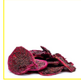
Dried Sliced Dragon Fruit Red 1lb | MWF-9993
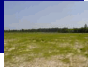
Theodore Stockpile Site
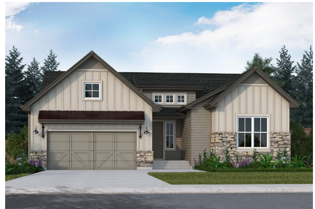
ELEVATION F w/ std. stone
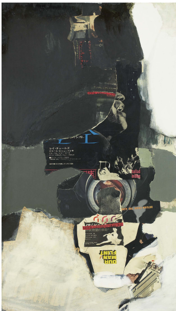
"Work 65-O", 1965 Magazine, oil on canvas 162 x 92 cm 63-3/4 x 36-1/4 inches
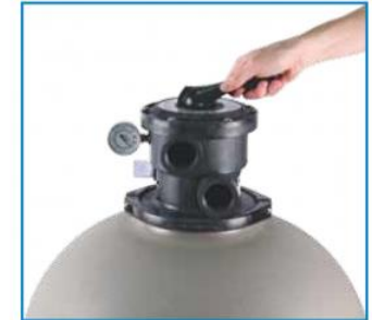
Vari-Flo™ 7-Position Control Valve with easy-to-use lever-action handle lets you "dial" any of seven valve/filter functions.
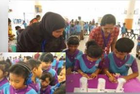
TL: Speech & Drama (Hand Puppets); Mask making
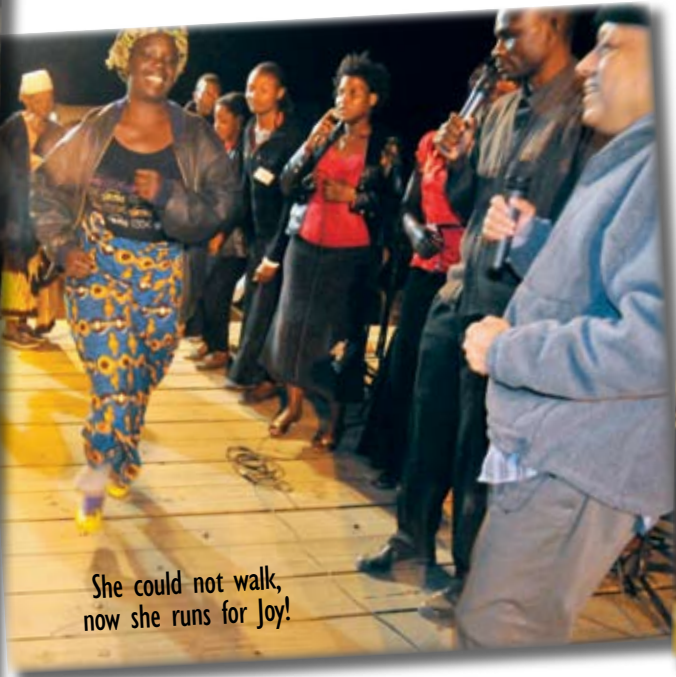
She could not walk, now she runs for Joy!
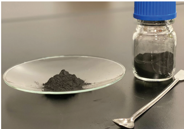
Recycled graphite reclaimed using the Hydro-to-Anode ® process.
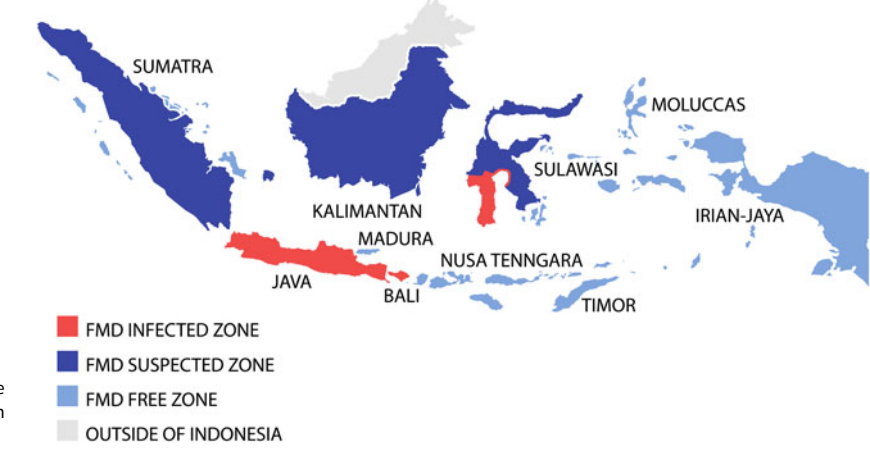
Fig. 2. Map demonstrating the progressive vaccination zones use during the Indonesian FMD eradication campaign. Adapted from Soehadji et al. [60].

possible disease carriers. Vaccination coverage was estimated to involve at least 80% of the livestock population. Vaccinated animals were identified by ear markings and there was a strict control of livestock vehicles to minimise animal movement into the vaccination area. Intensive epidemiological surveillance was performed continuously during the programme to monitor the possible reappearance of cases, and after 3 years, many regions were declared free of FMD.

======

*EXERCISE GOAL*: Of the lines above, quote exactly those from the one with "Vari-Flo™ 7-Position Control" through the one with "Fig. 2. Map", ends included; pictures stay out.

*PROBLEM SOLUTION*:
Vari-Flo™ 7-Position Control Valve with easy-to-use lever-action handle lets you "dial" any of seven valve/filter functions.
TL: Speech & Drama (Hand Puppets); Mask making
She could not walk, now she runs for Joy!
Recycled graphite reclaimed using the Hydro-to-Anode ® process.
Fig. 2. Map demonstrating the progressive vaccination zones use during the Indonesian FMD eradication campaign. Adapted from Soehadji et al. [60].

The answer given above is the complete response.